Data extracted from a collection
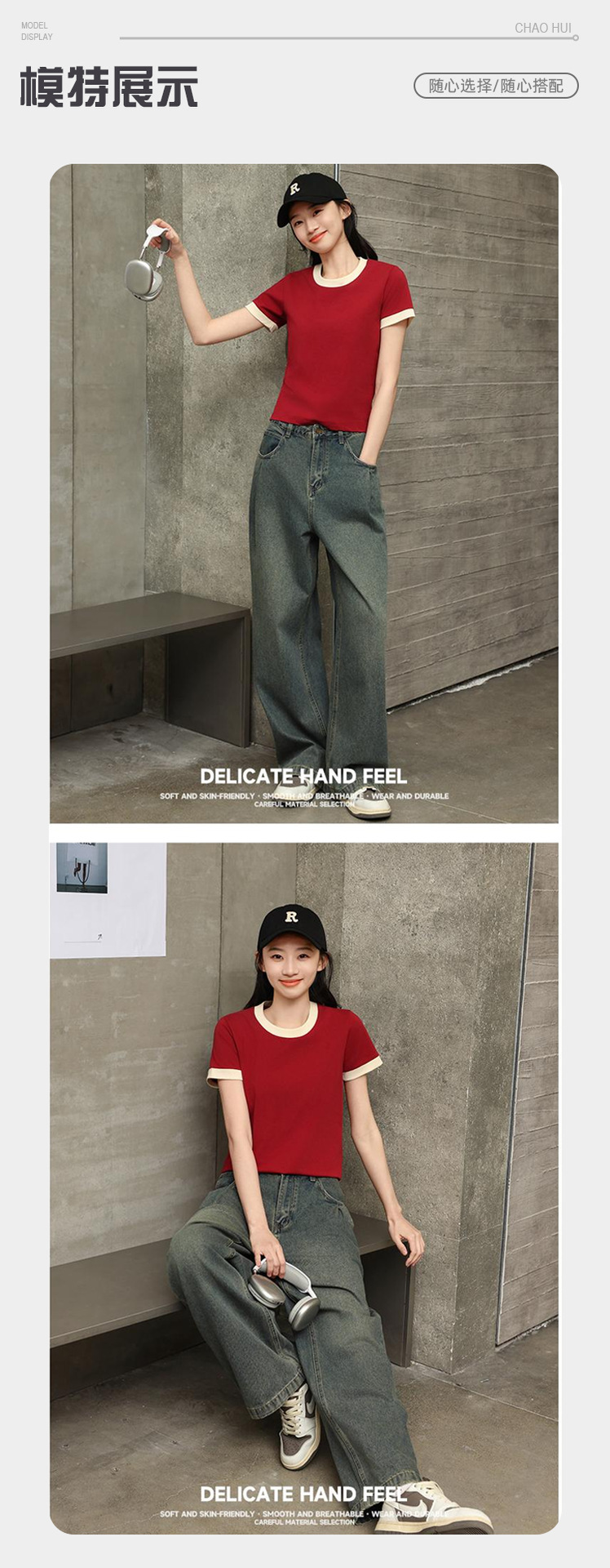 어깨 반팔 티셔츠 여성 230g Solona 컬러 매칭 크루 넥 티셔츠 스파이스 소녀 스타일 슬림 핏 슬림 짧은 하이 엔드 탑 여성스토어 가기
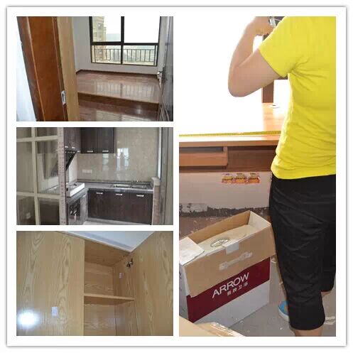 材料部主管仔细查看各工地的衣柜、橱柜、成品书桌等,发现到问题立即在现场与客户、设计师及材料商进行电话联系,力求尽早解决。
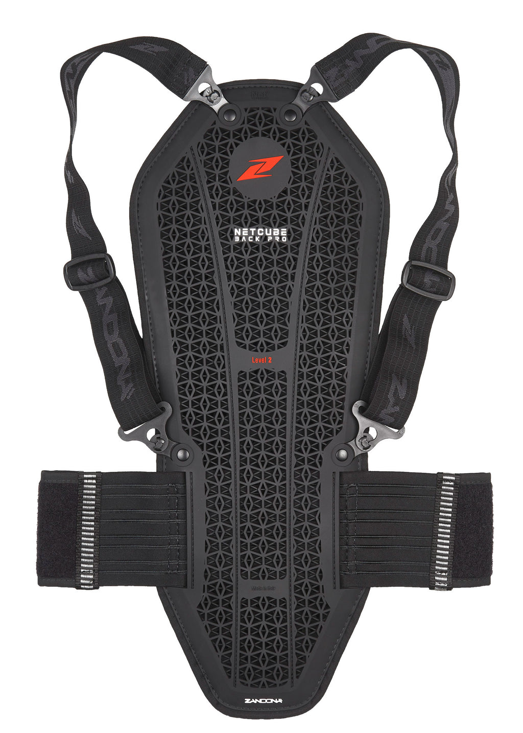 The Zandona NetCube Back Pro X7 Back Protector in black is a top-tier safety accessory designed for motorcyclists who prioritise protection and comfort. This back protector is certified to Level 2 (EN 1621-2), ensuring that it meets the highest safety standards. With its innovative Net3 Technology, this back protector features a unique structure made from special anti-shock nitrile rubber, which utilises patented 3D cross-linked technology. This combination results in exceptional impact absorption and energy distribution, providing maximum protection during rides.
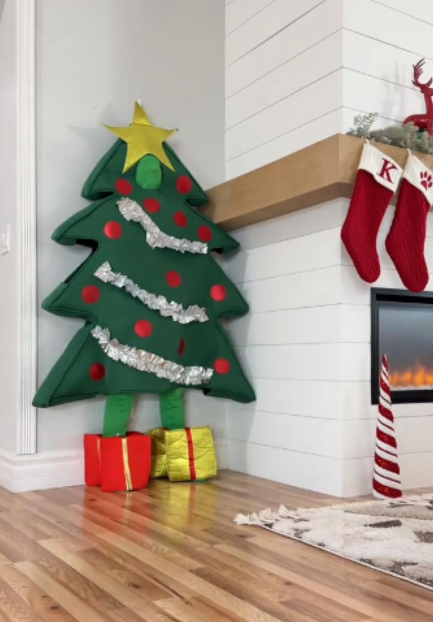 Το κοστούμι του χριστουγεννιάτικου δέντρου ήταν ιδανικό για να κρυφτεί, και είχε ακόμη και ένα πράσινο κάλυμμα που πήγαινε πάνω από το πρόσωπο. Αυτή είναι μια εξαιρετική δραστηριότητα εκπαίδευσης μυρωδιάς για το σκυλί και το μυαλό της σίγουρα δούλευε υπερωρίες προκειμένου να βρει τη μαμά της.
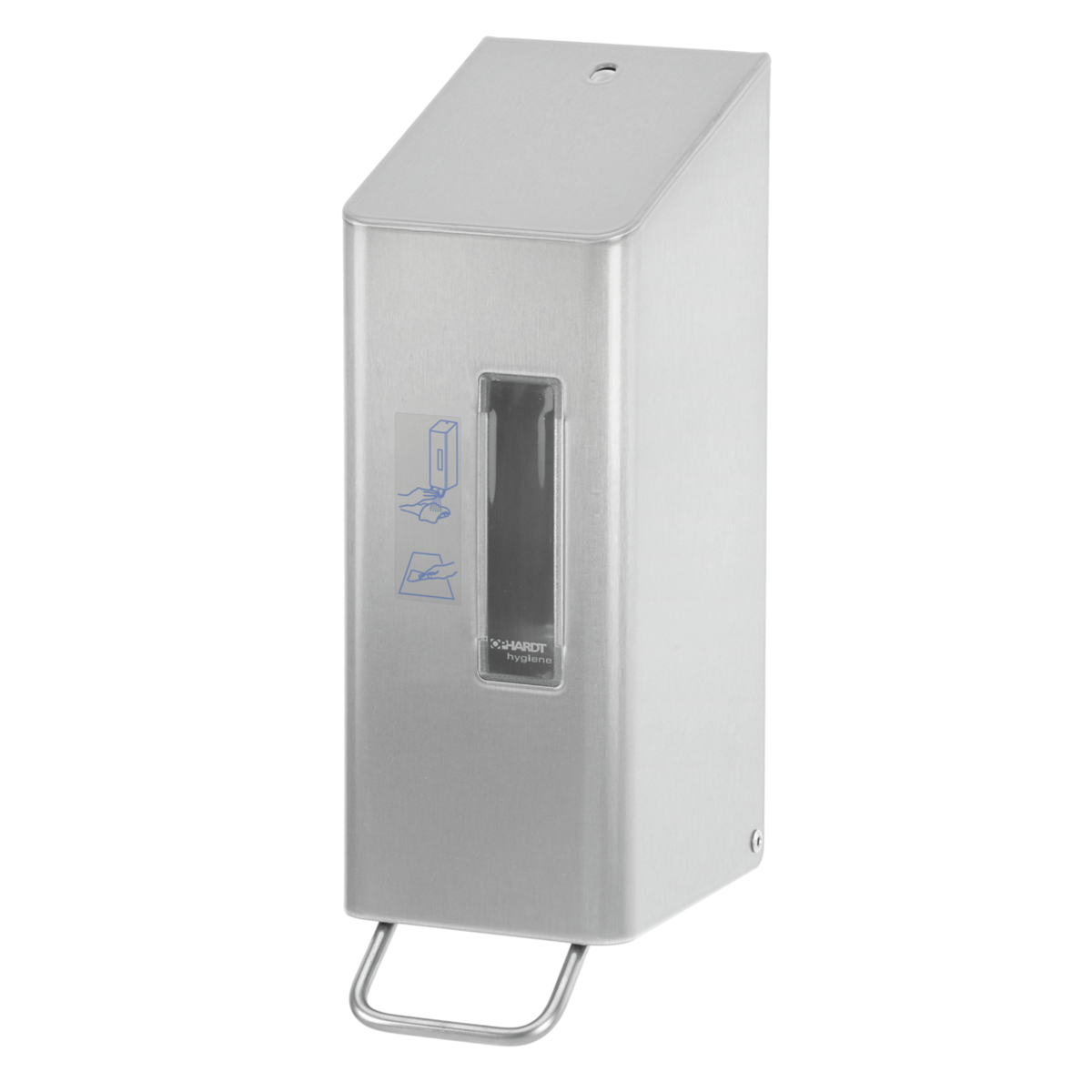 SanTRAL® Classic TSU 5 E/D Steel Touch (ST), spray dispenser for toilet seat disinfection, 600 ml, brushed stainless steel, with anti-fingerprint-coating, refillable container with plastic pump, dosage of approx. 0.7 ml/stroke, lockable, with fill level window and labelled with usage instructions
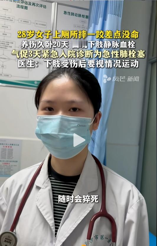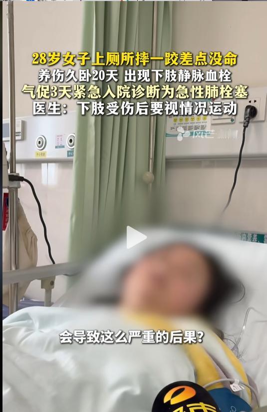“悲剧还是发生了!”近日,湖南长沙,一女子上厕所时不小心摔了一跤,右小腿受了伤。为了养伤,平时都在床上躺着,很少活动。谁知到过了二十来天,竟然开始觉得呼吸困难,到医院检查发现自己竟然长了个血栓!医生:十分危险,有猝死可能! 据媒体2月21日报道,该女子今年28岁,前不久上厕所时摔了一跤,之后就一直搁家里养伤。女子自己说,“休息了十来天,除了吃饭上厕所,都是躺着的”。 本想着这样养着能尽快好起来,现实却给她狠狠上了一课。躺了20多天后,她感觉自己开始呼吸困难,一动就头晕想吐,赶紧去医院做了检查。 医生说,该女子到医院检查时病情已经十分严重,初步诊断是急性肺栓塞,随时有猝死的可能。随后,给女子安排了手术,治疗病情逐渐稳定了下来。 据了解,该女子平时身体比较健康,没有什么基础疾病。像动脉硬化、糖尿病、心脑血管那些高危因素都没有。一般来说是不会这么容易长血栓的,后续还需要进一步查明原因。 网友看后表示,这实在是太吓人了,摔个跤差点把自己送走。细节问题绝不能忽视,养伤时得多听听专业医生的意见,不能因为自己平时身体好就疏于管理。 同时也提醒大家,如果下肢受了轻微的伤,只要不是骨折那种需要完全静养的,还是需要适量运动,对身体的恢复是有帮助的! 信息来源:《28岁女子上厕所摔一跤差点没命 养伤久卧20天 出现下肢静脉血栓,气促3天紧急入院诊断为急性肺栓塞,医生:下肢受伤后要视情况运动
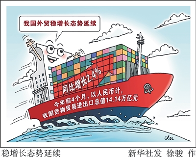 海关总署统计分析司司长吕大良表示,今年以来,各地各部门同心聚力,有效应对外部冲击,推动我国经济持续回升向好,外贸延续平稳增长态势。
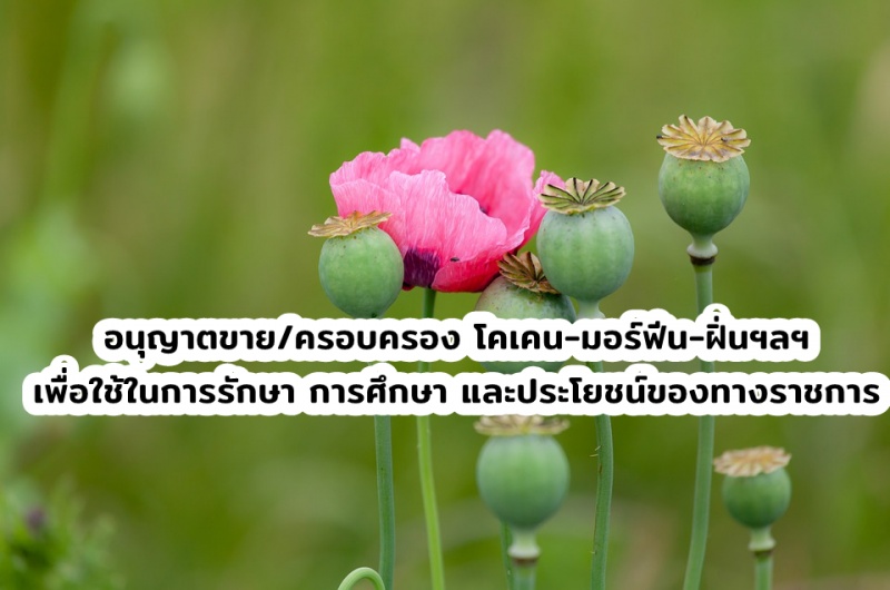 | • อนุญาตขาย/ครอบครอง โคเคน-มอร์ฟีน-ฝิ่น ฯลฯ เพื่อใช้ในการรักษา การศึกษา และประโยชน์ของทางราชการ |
==
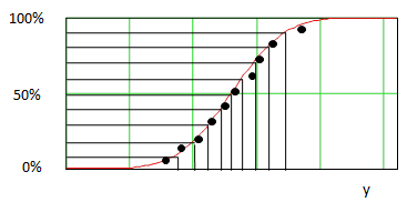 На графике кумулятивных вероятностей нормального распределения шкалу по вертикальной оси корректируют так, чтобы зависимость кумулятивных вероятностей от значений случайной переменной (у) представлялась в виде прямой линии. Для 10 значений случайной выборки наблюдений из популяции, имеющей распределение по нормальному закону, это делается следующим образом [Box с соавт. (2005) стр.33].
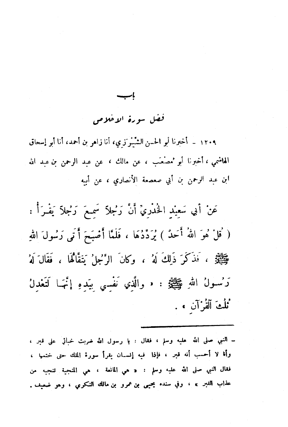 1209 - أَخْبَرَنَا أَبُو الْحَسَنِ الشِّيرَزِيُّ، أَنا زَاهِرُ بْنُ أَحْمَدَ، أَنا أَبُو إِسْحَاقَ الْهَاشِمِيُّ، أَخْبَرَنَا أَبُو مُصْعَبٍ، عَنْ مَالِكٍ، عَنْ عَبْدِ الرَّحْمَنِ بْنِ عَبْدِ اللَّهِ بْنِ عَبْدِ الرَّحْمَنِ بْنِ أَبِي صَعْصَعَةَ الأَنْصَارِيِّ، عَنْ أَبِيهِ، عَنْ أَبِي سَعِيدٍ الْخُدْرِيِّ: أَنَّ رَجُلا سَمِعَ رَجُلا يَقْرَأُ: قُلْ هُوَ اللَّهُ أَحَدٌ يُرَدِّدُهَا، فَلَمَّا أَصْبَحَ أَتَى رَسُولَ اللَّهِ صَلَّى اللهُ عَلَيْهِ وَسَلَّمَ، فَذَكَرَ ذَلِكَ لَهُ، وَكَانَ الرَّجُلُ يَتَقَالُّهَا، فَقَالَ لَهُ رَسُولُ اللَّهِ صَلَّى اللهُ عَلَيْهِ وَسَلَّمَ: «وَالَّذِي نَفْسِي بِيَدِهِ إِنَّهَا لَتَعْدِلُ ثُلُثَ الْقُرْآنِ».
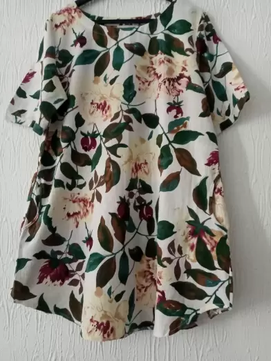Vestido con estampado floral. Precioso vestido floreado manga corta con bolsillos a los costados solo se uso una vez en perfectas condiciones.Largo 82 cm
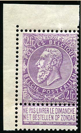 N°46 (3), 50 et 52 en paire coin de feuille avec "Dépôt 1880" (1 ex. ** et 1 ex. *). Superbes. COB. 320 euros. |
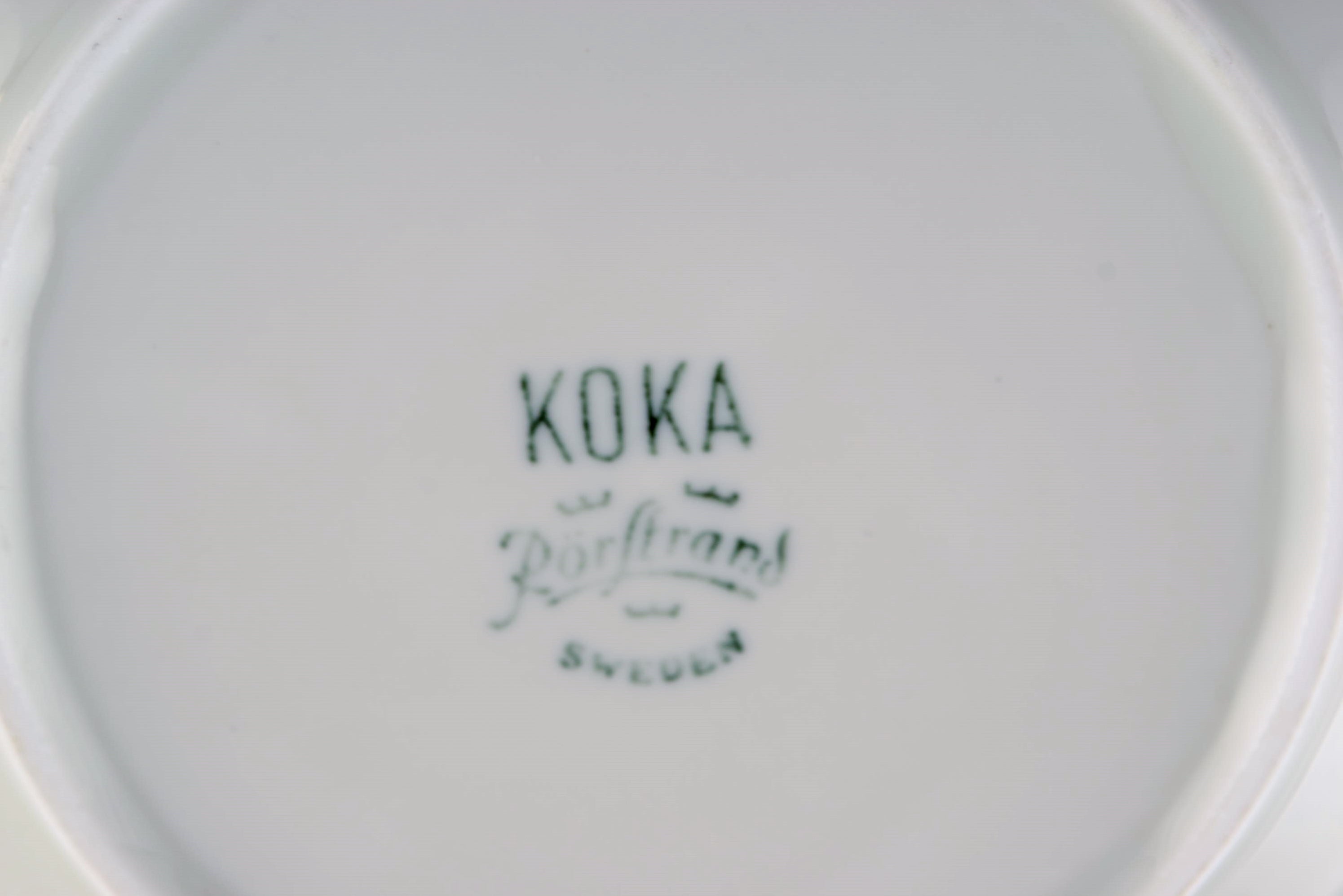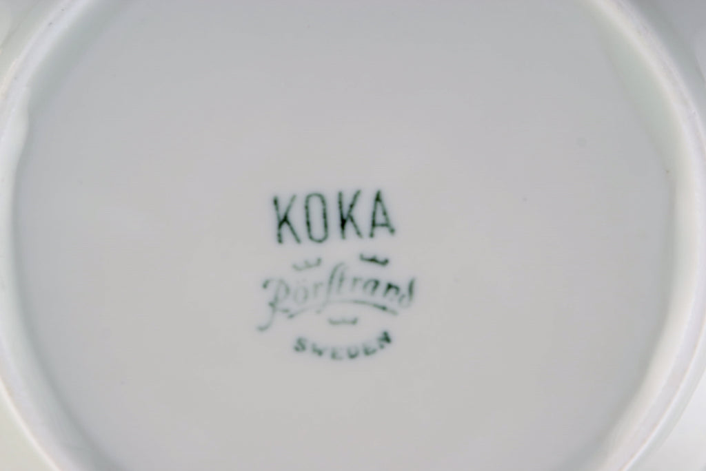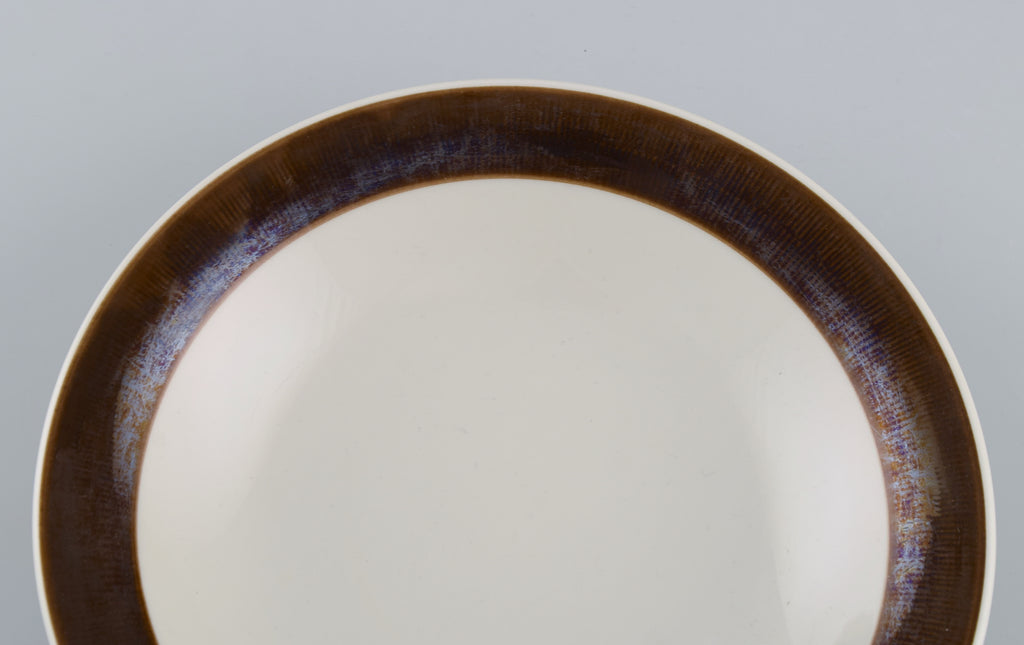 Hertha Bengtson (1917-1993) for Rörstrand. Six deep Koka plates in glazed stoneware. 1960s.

▶ **What needs to be done**
What you return must match the lines above from the one with "Vestido con estampado" through the one with "Hertha Bengtson (1917-1993)" exactly, with both ends included and the pictures excluded.

▶ **Written answer**
Vestido con estampado floral. Precioso vestido floreado manga corta con bolsillos a los costados solo se uso una vez en perfectas condiciones.Largo 82 cm
 N°46 (3), 50 et 52 en paire coin de feuille avec "Dépôt 1880" (1 ex. ** et 1 ex. *). Superbes. COB. 320 euros. |
 Hertha Bengtson (1917-1993) for Rörstrand. Six deep Koka plates in glazed stoneware. 1960s.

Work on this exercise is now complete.